→ **Task instructions**
The output should match, line for line, the records from the line containing "The relationship between" through the line containing "Điểm tổng: 2", with every picture left out.

→ **Task inputs**
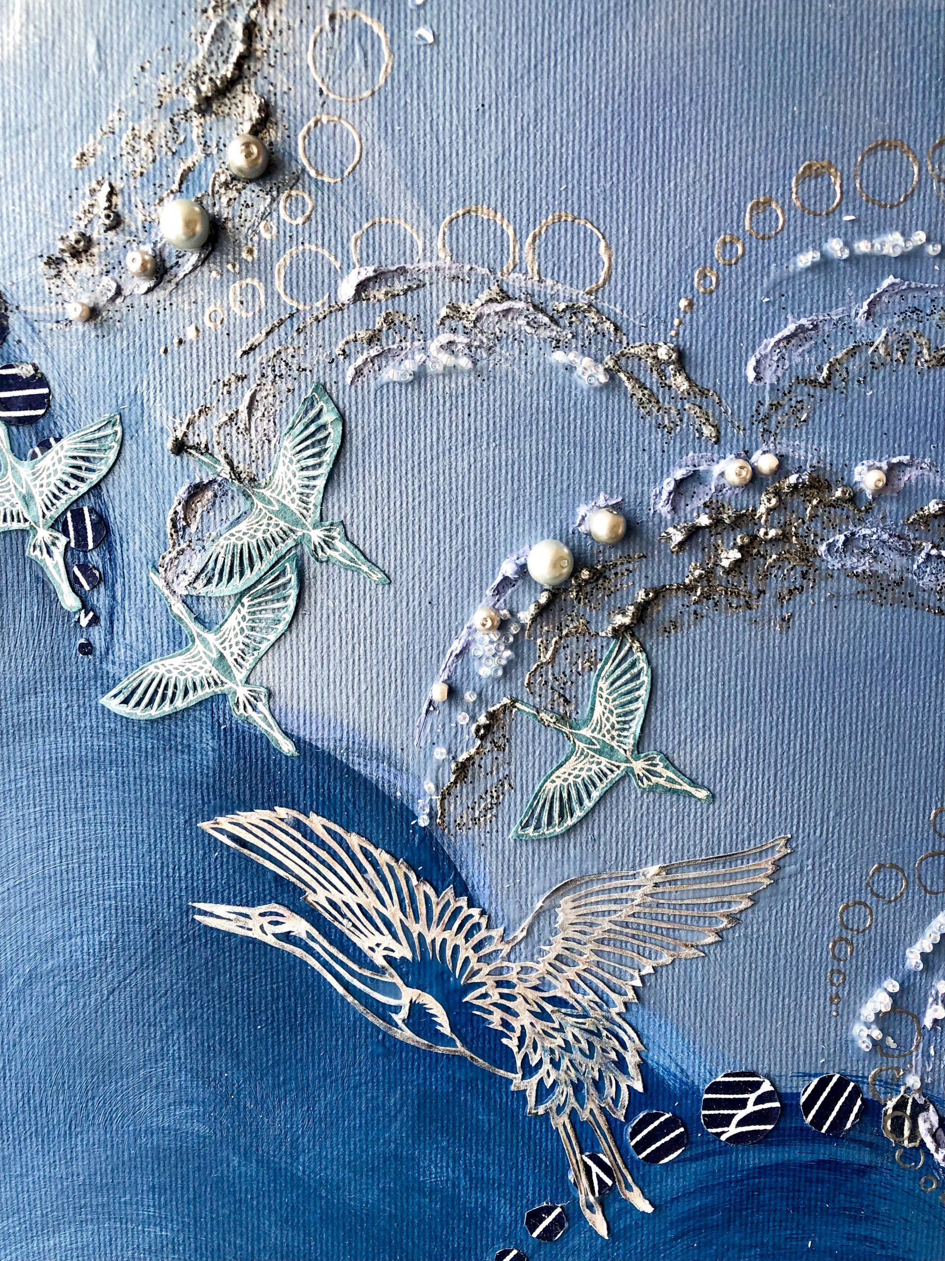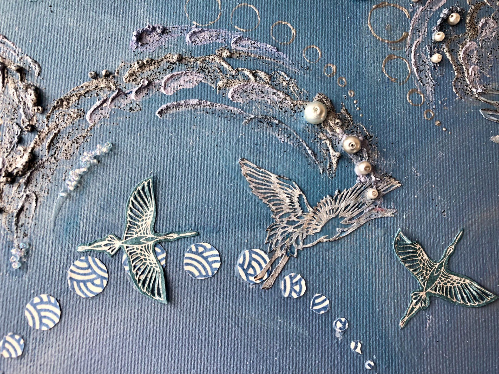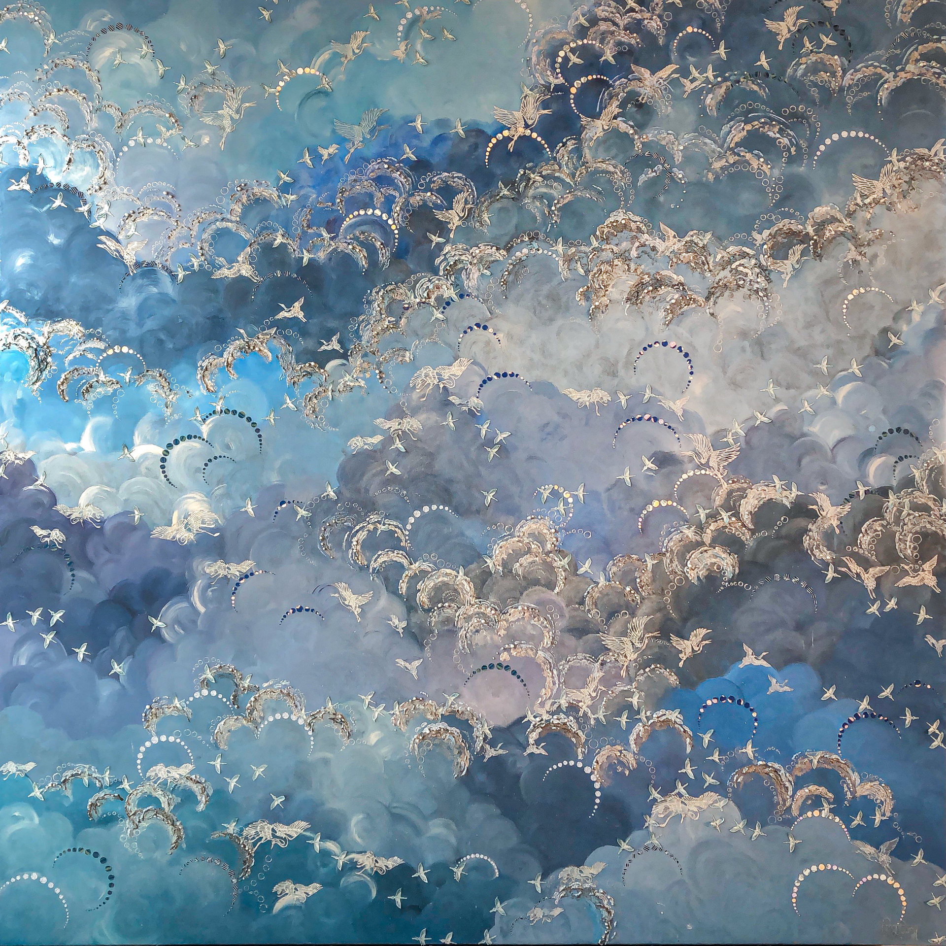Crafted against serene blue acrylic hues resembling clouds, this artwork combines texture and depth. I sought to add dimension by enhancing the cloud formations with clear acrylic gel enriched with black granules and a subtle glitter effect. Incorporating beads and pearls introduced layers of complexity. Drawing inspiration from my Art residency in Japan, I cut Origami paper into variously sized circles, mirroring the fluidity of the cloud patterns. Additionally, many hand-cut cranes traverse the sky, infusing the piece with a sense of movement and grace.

==

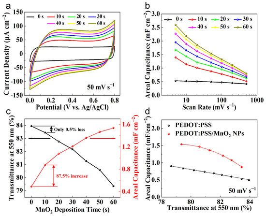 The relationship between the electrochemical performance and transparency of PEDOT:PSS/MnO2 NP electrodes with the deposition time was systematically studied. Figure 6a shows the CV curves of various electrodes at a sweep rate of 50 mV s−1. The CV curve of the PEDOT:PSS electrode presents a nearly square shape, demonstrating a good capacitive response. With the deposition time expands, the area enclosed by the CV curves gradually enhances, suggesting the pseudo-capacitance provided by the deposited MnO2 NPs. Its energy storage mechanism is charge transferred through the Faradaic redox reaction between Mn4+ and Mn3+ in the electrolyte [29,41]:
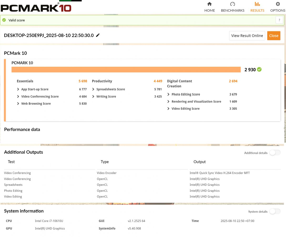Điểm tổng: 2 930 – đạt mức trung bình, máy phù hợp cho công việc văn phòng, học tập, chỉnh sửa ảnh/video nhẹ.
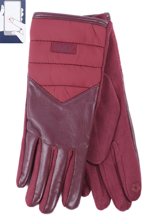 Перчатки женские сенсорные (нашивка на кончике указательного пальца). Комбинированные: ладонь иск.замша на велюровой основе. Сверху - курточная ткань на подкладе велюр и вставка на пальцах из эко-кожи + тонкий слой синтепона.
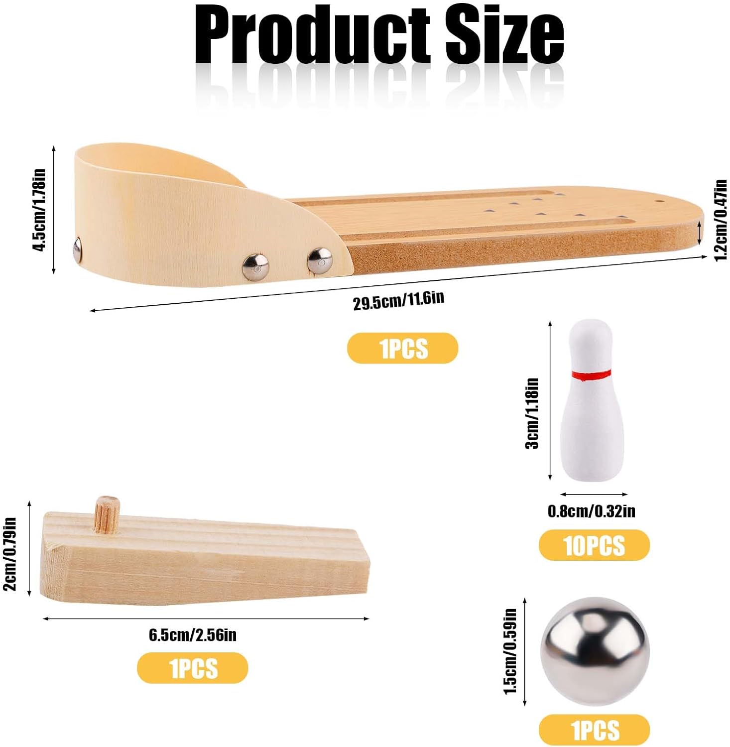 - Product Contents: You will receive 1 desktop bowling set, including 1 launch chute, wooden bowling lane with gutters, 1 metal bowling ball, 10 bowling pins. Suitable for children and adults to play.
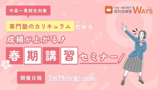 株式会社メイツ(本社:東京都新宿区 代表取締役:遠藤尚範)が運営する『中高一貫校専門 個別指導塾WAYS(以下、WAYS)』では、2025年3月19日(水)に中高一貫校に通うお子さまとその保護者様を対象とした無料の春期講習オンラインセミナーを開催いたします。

→ **Written answer**
 The relationship between the electrochemical performance and transparency of PEDOT:PSS/MnO2 NP electrodes with the deposition time was systematically studied. Figure 6a shows the CV curves of various electrodes at a sweep rate of 50 mV s−1. The CV curve of the PEDOT:PSS electrode presents a nearly square shape, demonstrating a good capacitive response. With the deposition time expands, the area enclosed by the CV curves gradually enhances, suggesting the pseudo-capacitance provided by the deposited MnO2 NPs. Its energy storage mechanism is charge transferred through the Faradaic redox reaction between Mn4+ and Mn3+ in the electrolyte [29,41]:
Điểm tổng: 2 930 – đạt mức trung bình, máy phù hợp cho công việc văn phòng, học tập, chỉnh sửa ảnh/video nhẹ.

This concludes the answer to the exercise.